Your answer is the line containing "The 13th annual" plus every line after it through the end of the records, printed exactly and free of pictures.

··· ENTRIES SHOWN ···

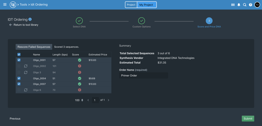 TeselaGen’s platform is integrated with IDT’s ordering system, allowing researchers to:
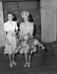 The 13th annual Panhandle Plains Dairy Show is being held in Plainview, Texas. The show exhibits both dairy cattle and dairy products and attracts crowds from all over the Plains country. Standing left to right are Myrna Dean Gaignat and Jacquelyn Wilkinson. Miss Wilkinson, of Friona, Texas, is being crowned queen of the 1941 show. She is wearing a crown of flowers, a floral print dress, and is carrying a basket of flowers. Miss Gaignat, of Tahoka, Texas, is the maid of honor. She is wearing a dress with a solid colored bodice and a floral print skirt.
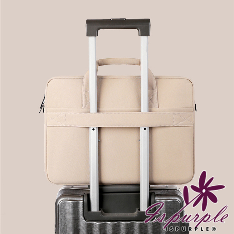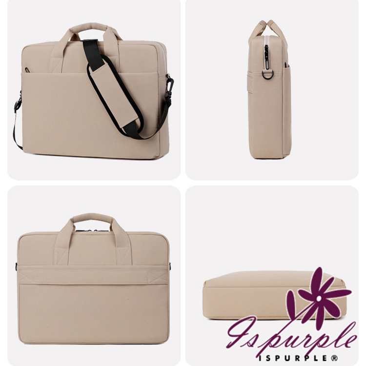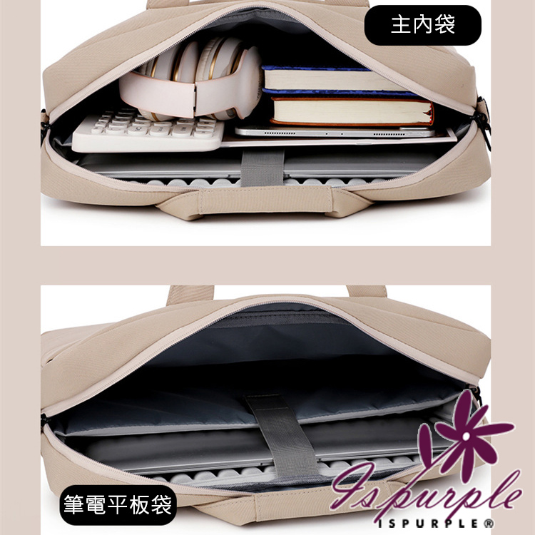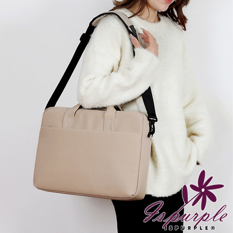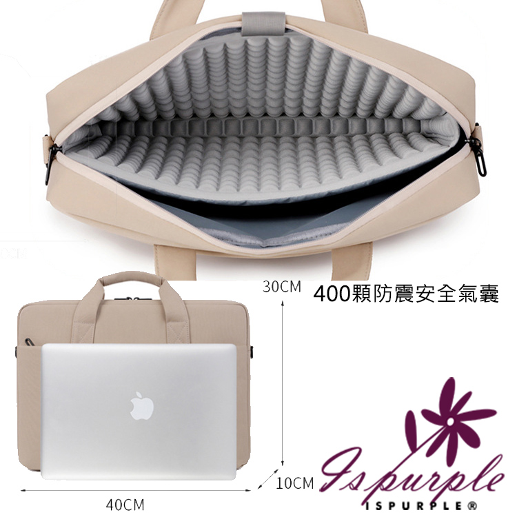 【iSPurple】簡約清新 大容量單肩手提防震氣囊電腦包/卡其
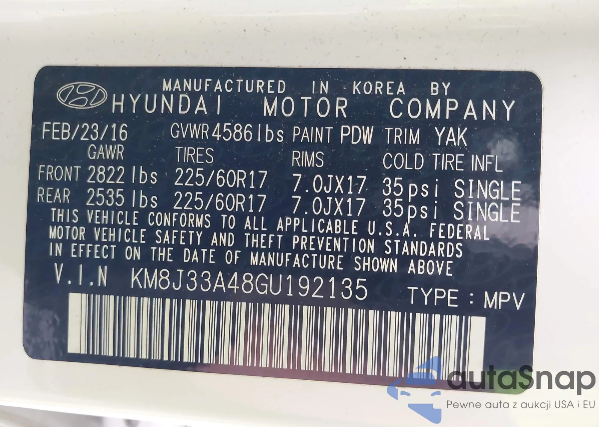 VIN: KM8J33A48GU192135
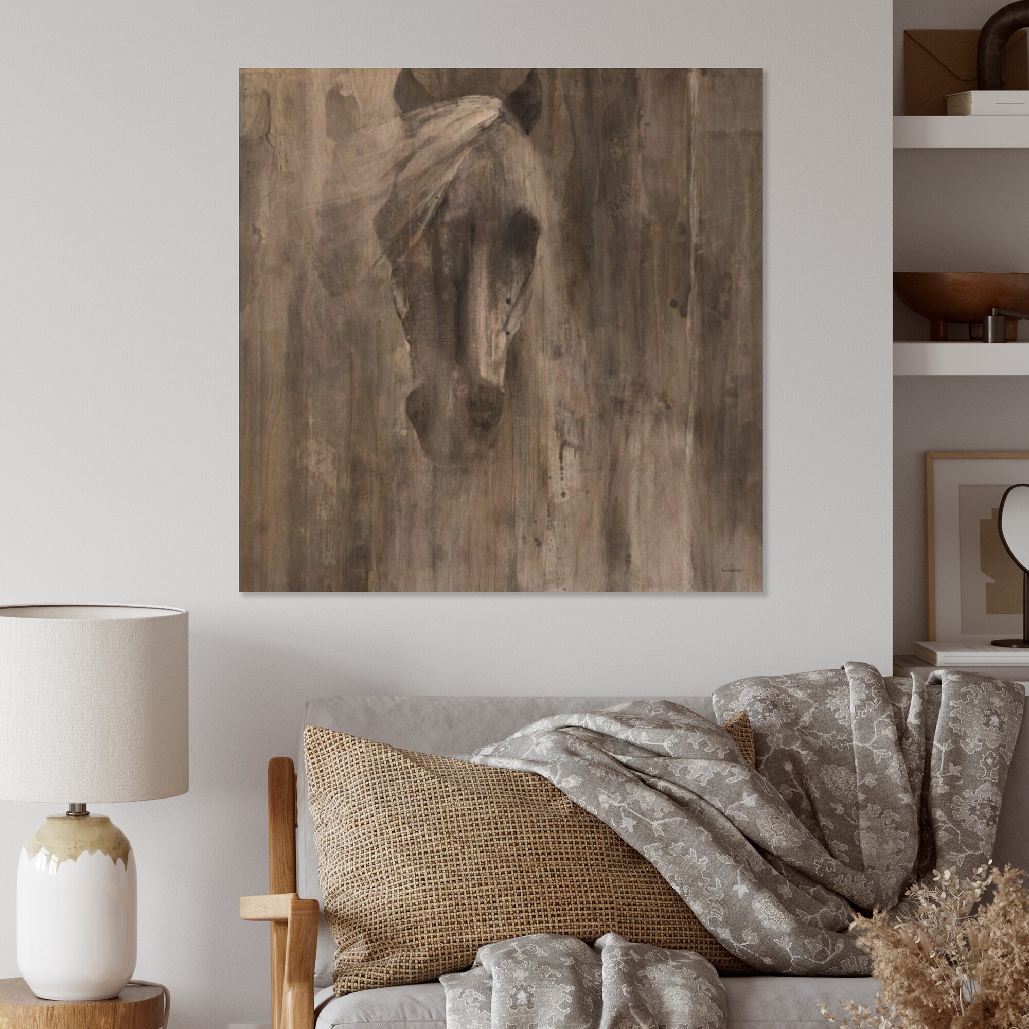 Designart 'Farmhouse Horse' Farmhouse Wood Wall Art - Natural Pine Wood

···

#### WRITTEN SOLUTION
 The 13th annual Panhandle Plains Dairy Show is being held in Plainview, Texas. The show exhibits both dairy cattle and dairy products and attracts crowds from all over the Plains country. Standing left to right are Myrna Dean Gaignat and Jacquelyn Wilkinson. Miss Wilkinson, of Friona, Texas, is being crowned queen of the 1941 show. She is wearing a crown of flowers, a floral print dress, and is carrying a basket of flowers. Miss Gaignat, of Tahoka, Texas, is the maid of honor. She is wearing a dress with a solid colored bodice and a floral print skirt.
 【iSPurple】簡約清新 大容量單肩手提防震氣囊電腦包/卡其
 VIN: KM8J33A48GU192135
 Designart 'Farmhouse Horse' Farmhouse Wood Wall Art - Natural Pine Wood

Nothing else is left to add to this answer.